It is not a secret that there is a void of African-Americans in the field of technology. Well, now a new program is hoping to close this gap. The NewMe Accelerator program, organized to encourage African-American technological entrepreneurship, recently had its welcome event on the campuses of Google, Inc. The NewMe Accelerator was created by Angela Benton and partner Wayne Sutton.
“The NewMe Accelerator was launched due to a two-part problem and opportunity. Both Angela and myself have separate startups that we founded and wanted to be successful and there is no other place to launch a web/tech startup than the Silicon Valley,” explains Sutton. “The second part is with the data showing only 1% of Internet start-up founders are African-American. We saw this as an opportunity to help others launch successful startups as well. Therefore, we decided to partner up and launch the NewMe Accelerator. Other data such as from the recent Startup Genome Report says startups that have mentors are more likely to succeed than startups that don’t.”
For the NewMe kickoff event, 12 Black digital entrepreneurs came to pitch their product and business ideas to an executive panel of venture capitalists, which included leaders from Syncom and David Krane from Google Ventures.
“The goals of the NewMe Accelerator are to increase exposure to talent, connect founders to access of early stage capital, provide mentorship from qualified individuals, help support and fund the community, be examples for current and future entrepreneurs and collaborate and build successful companies in the heart of Silicon Valley,” says Sutton.
The NewMe Accelerator will include 9 weeks of one on one mentorship, and a live “Real World”-like experience where the entrepreneurs will all live together under one roof as they work on their start-ups. Participants will be eligible for substantial business investments.
“There is a need for the NewMe Accelerator in 2011,” says Sutton. “Mitch Kapor said it best in a recent mentorship session about the NewMe accelerator: Access is inequitable. Not everybody has a shot, so give them the support they need to compete on a level playing flied. Then they’ll do really well. There’s no question that there’s a dramatic underrepresentation of people of color in the Silicon Valley eco system.”

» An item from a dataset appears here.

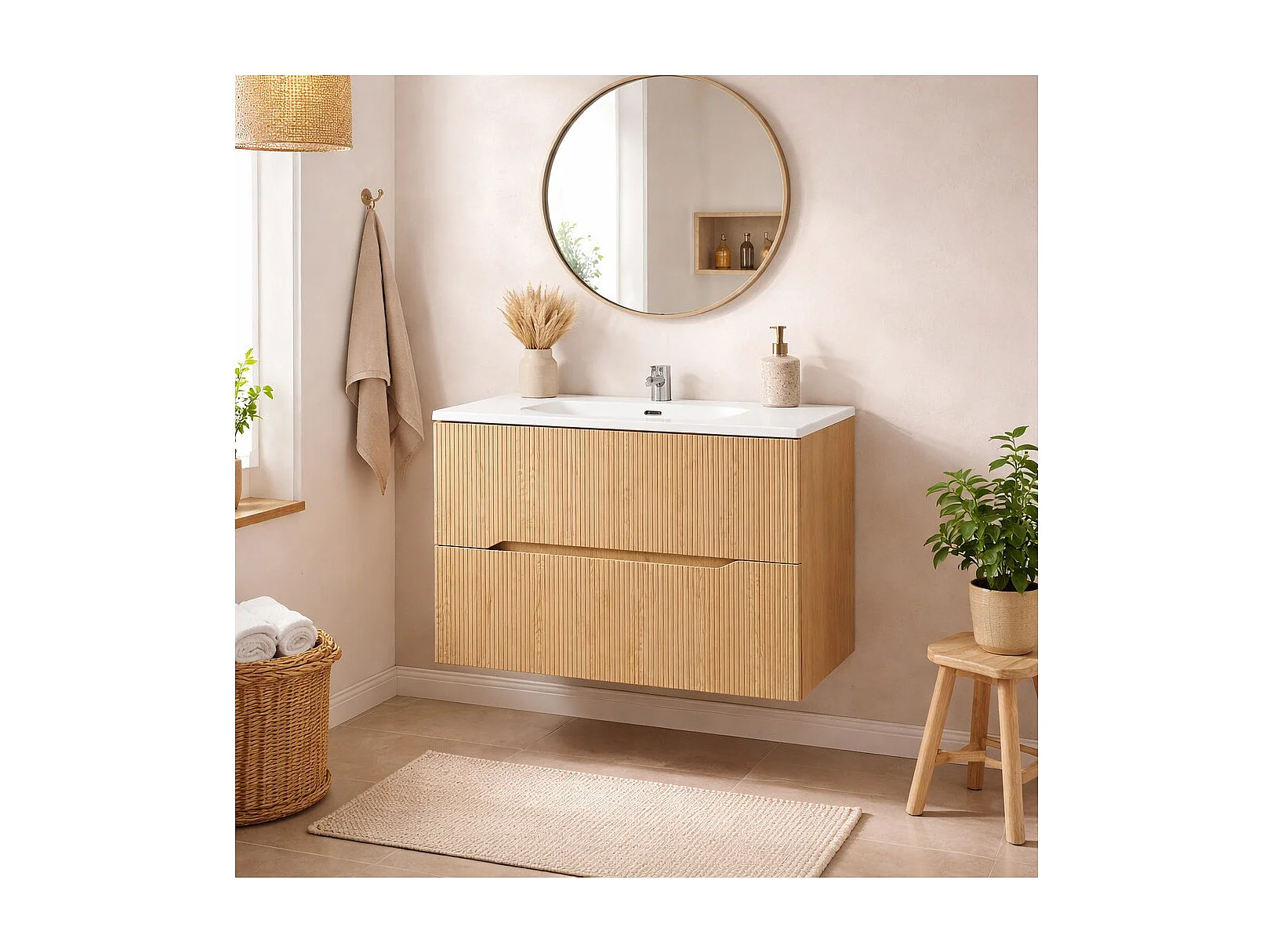 Ensemble de salle de bain NATURA 80cm : meuble sous vasque aspect bois clair rainuré verticalement + vasque encastrée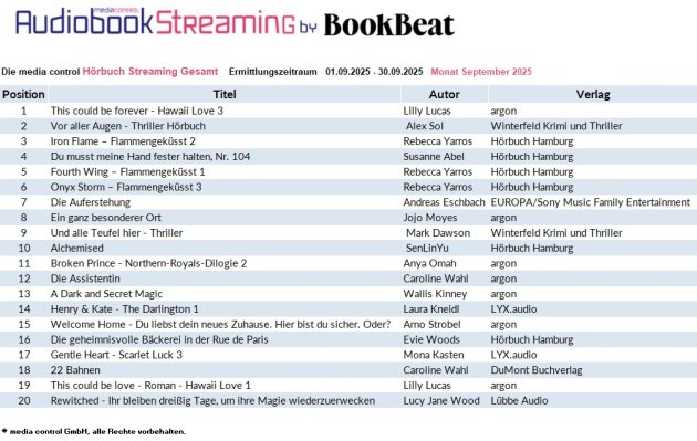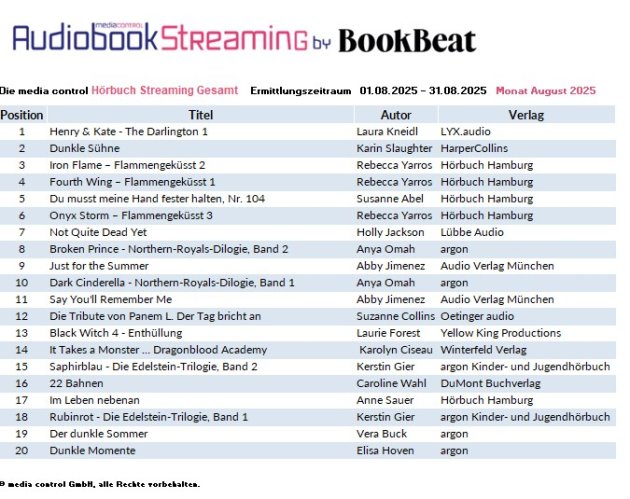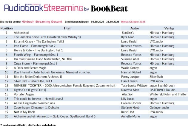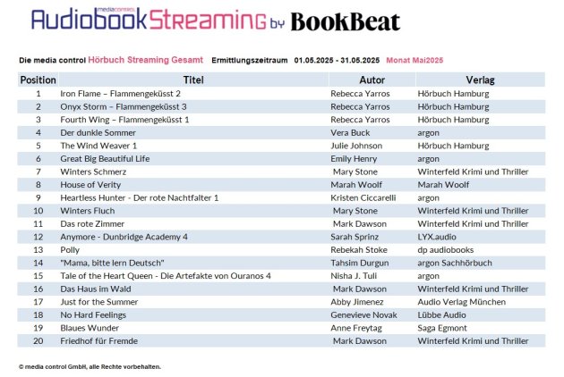 "Freiheit" ist das einzige Sachbuch in der Top-20-Liste, die von New Adult und Romantasy dominiert wird. Lena Kiefer beispielsweise ist mir den Hörbüchern ihrer drei "Coldhart"-Bände (Plätze 7, 13 und 14 – alle LYX audio) vertreten. Dreimal dabei ist auch Annette Marie mit drei Bänden ihrer "Spellbound"-Reihe (Plätz 9, 18 und 20 – alle Argon Verlag). Auf zwei Platzierungen kommen Lilly Lucas und Liane Mars. Daneben schaffen es zwei Krimi-Hörbücher in die Charts.

According to Sutton, the digital divide remains real for minorities, especially in Internet startups. “In 2010, women angels represented 13% of the angel market. Women-owned ventures accounted for 21% of the entrepreneurs that are seeking angel capital and 13% of these women entrepreneurs received angel investment in 2010. Both the number of women seeking angel capital and the percentage that receives angel investments are low compared to the overall market. This data indicates that when women do seek angel capital, they lag behind the market yield rate by 5%,” he points out. “Minority angels accounted for 2% of the angel population. The minority-owned firms represented 6% of the entrepreneurs that presented their business concept to angels. The yield rate for these minority-owned firms was 19%, which for the fourth straight year, is in line with market yield rates. However, the small percentage of minority-owned firms seeking angel capital is of concern,” he adds.
The questions persist though. With African-Americans being major technology consumers and high Internet users (eMarketer estimates that African-Americans will make up 11.8% of all U.S. Internet users in 2011), why does the divide continue to exist? “I list the digital divide into five categories: location, access to information/technology, race, income, and gender,” explains Sutton. “With that said, many homes across the country are limited in at least one or multiple categories that can’t provide the same opportunity as those who have access to information and/or are not judged by gender/race or limited by the lack of income or location to have access to resources. But at the same time almost everyone has the opportunity to learn and teach others to help decrease the digital divide.”
Sutton and NewMe are hoping to do just that.